Ensure that you use an appropriate <cluster>.yaml for your cluster system. We provide one for SGE and TORQUE based systems.

Example: Run Snakemake in a cluster environment

Warning

Be advised that this is a specific example, the required options may change depending on your system.

We ran the tutorial workflow in a cluster environment, specifically a TORQUE cluster environment. Therefore, we created a bash script torque.sh in our project folder.

vi torque.sh

Note

Please note that all arguments enclosed in <> have to be customized.
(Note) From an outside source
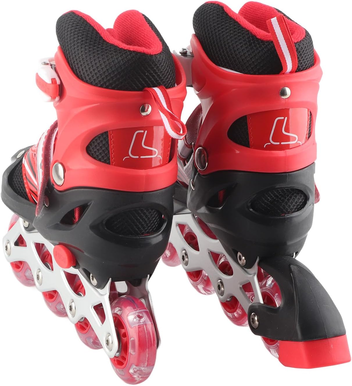 [Passa liberamente tra linee singole e doppie] Questi pattini a rotelle consentono stili di pattinaggio versatili per principianti e pattinatori avanzati. [Luci luminose nei colori delle ruote] cade al buio con luci luminose auto-generate che non hanno bisogno di batterie per garantire ogni volta uno skate sicuro e divertente. [Design comodo e resistente] Imbottitura morbida e telaio robusto offrono comfort e stabilità superiori per un uso prolungato, mantenendo i piedi comodi e sicuri. [Favorisce l'esercizio fisico e il divertimento] Goditi le attività sportive e aumenta la salute delle ossa, delle articolazioni e dei muscoli con queste slitte 2 in 1, rendendole un regalo di Natale per. Facilmente regolabile e stabile: con 4 intervalli di regolazione della taglia e freni posteriori, questi pattini offrono un equilibrio ottimale e sicurezza per adulti a partire dai 3 anni.

This script will only work if your cluster uses the TORQUE queuing system.

We proceeded by writing the queuing script:

#!/bin/bash
#PBS -N <ProjectName>
#PBS -S /bin/bash
#PBS -q "long"
#PBS -d <PATH/ProjectFolder>
#PBS -l nodes=1:ppn=1
#PBS -o <PATH/ProjectFolder>
#PBS -j oe
cd <PATH/ProjectFolder>
source activate HRIBO
snakemake --latency-wait 600 --use-conda -s HRIBO/Snakefile --configfile HRIBO/config.yaml --directory ${PWD} -j 20 --cluster-config HRIBO/torque.yaml --cluster "qsub -N {cluster.jobname} -S /bin/bash -q {cluster.qname} -d <PATH/ProjectFolder> -l {cluster.resources} -o {cluster.logoutputdir} -j oe"
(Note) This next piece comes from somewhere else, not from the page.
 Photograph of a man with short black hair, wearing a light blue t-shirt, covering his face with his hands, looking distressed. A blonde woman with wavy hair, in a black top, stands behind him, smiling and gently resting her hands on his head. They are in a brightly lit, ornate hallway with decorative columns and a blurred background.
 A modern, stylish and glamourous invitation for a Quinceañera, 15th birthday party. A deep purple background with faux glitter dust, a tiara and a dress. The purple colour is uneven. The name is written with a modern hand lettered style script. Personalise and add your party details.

We then simply submitted this job to the cluster:

qsub torque.sh

Using any of the presented methods, this will run the workflow on the tutorial dataset and create the desired output files.

Results

The last step will be to aggregate all the results once the workflow has finished running. In order to do this, we provided a script in the scripts folder of HRIBO called makereport.sh.
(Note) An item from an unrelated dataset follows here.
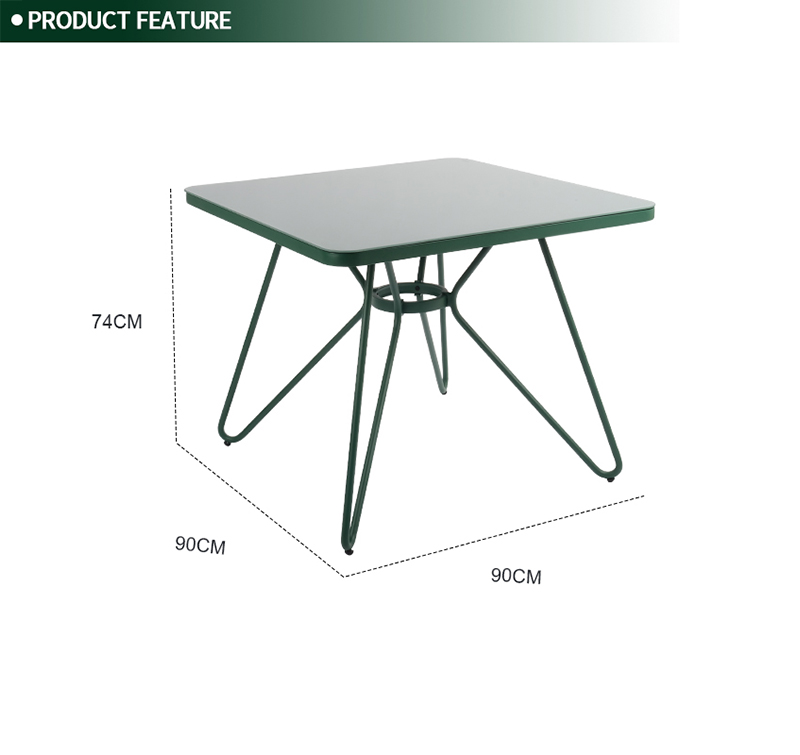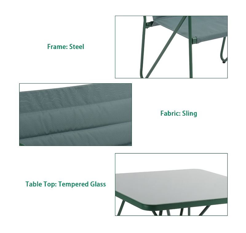 Powder-coated steel frame provides strong support and rust resistance for outdoor use. Breathable sling seating dries quickly and stays comfortable in warm temperatures. Tempered glass tabletop is smooth, safe, and easy to wipe clean after outdoor use. Space-saving dining layout is ideal for alfresco meals on patios, balconies, or gardens.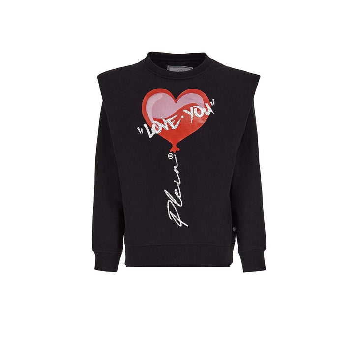 Girl Black Heart Print Tracksuit Presents By Philipp Plein.Made in soft cotton,.and a casual Round neckline and comfart Trouser full length.

bash HRIBO/scripts/makereport.sh <reportname_prefix>

Running this command will create a folder where all the results are collected from the workflows final output, it will additionally create compressed file in .zip format.

Note

A detailed explanation of the result files can be found in the result section.

Note

The final result of this example workflow, can be found here .

Warning

As many browsers stopped the support for viewing ftp files, you might have to use a ftp viewer instead.

Runtime

The total runtime of the example workflow, using 12 cores of an AMD EPYC Processor (with IBPB), 1996 MHz CPUs and 64 GB RAM, was 4h04m37s.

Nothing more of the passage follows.